**Goal of the exercise:**
Without including any pictures, copy every line below exactly.

**Dataset section:**
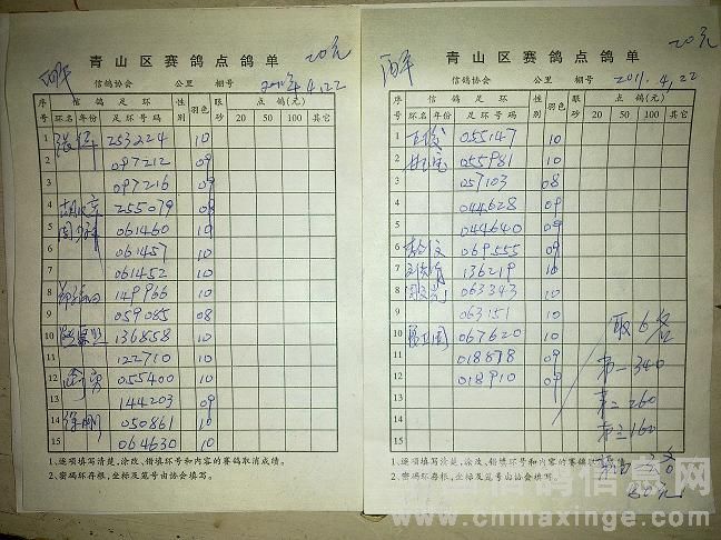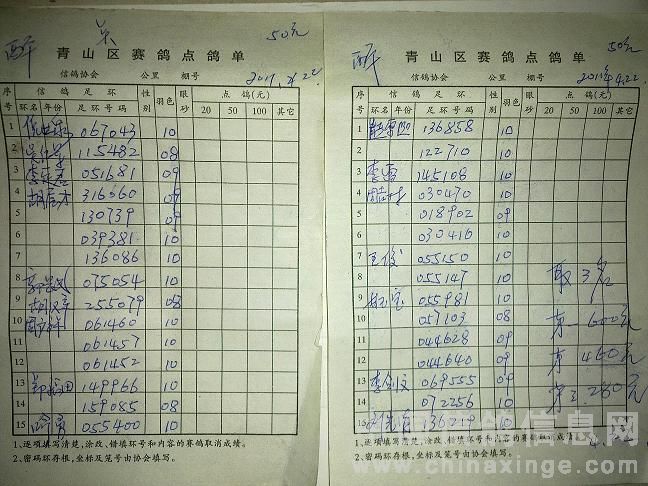 武汉市洪山区信鸽协会西平竞赛集鸽总羽数及指定鸽名单
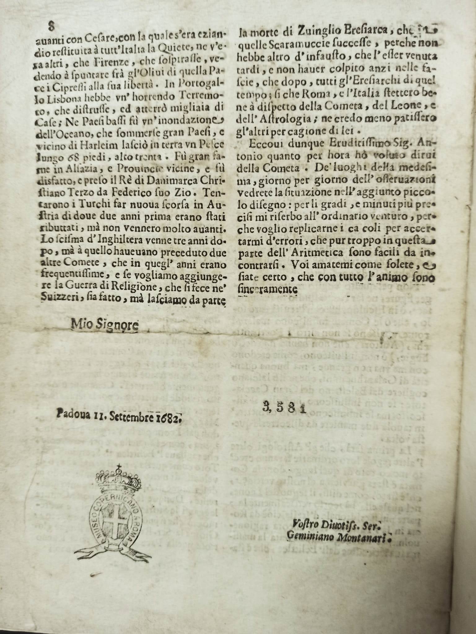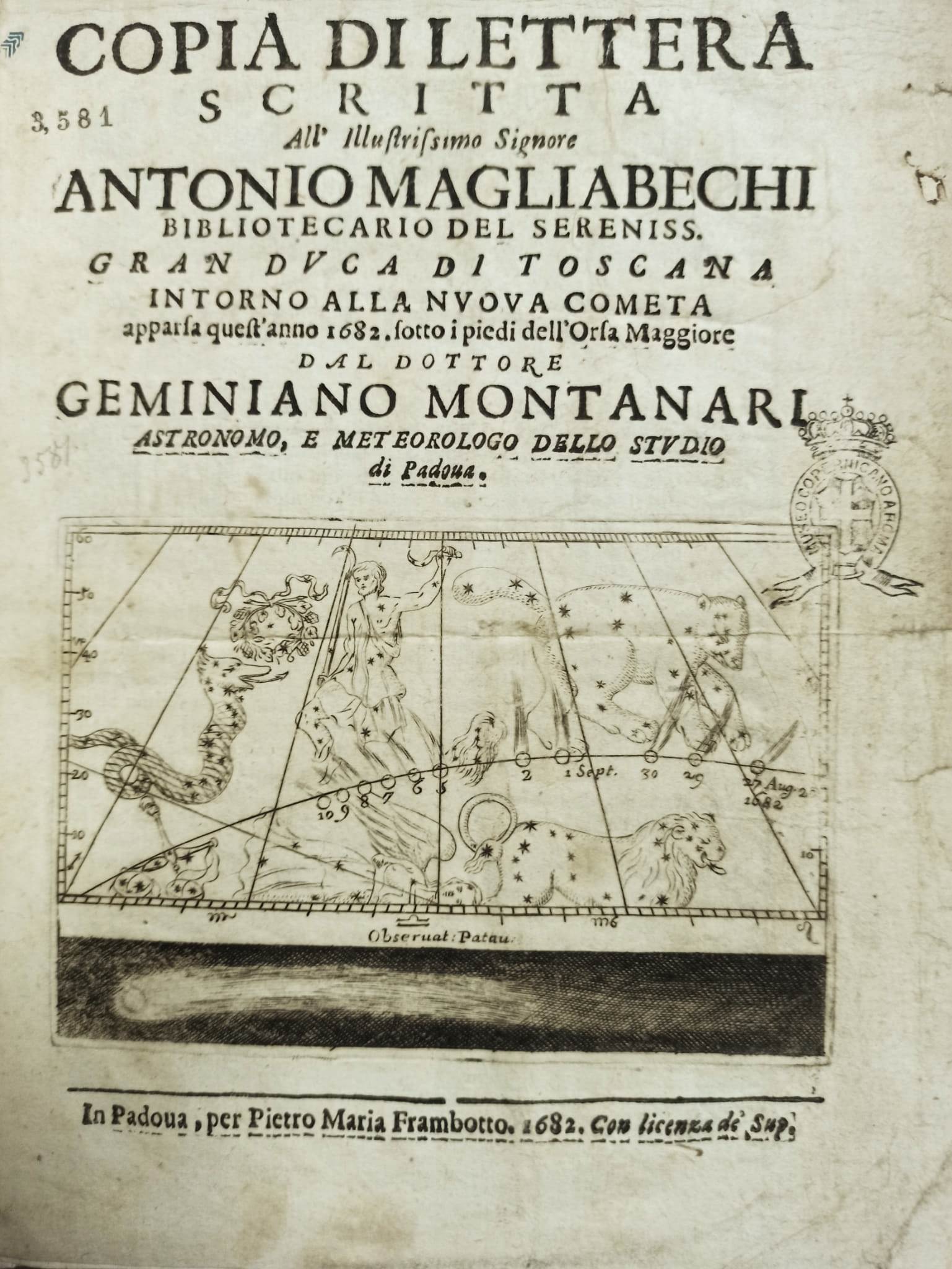 La copertina della  lettera è completata da una carta in proiezione eclittica concava dove il  tragitto della cometa viene costruito per interpolazione delle undici distinte  osservazioni effettuate a Padova da Montanari dal 27 agosto al 10 settembre del 1682.
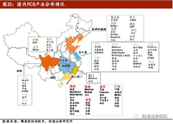 PCB产品作为基础电子元件,其产业多围绕下游产业集中地区配套建设。目前中国大陆约有一千五百家PCB企业,主要分布在珠三角、长三角和环渤海等电子行业集中度高、对基础元件需求量大并具备良好运输条件和水、电条件的区域。

**Task output:**
 武汉市洪山区信鸽协会西平竞赛集鸽总羽数及指定鸽名单
 La copertina della  lettera è completata da una carta in proiezione eclittica concava dove il  tragitto della cometa viene costruito per interpolazione delle undici distinte  osservazioni effettuate a Padova da Montanari dal 27 agosto al 10 settembre del 1682.
 PCB产品作为基础电子元件,其产业多围绕下游产业集中地区配套建设。目前中国大陆约有一千五百家PCB企业,主要分布在珠三角、长三角和环渤海等电子行业集中度高、对基础元件需求量大并具备良好运输条件和水、电条件的区域。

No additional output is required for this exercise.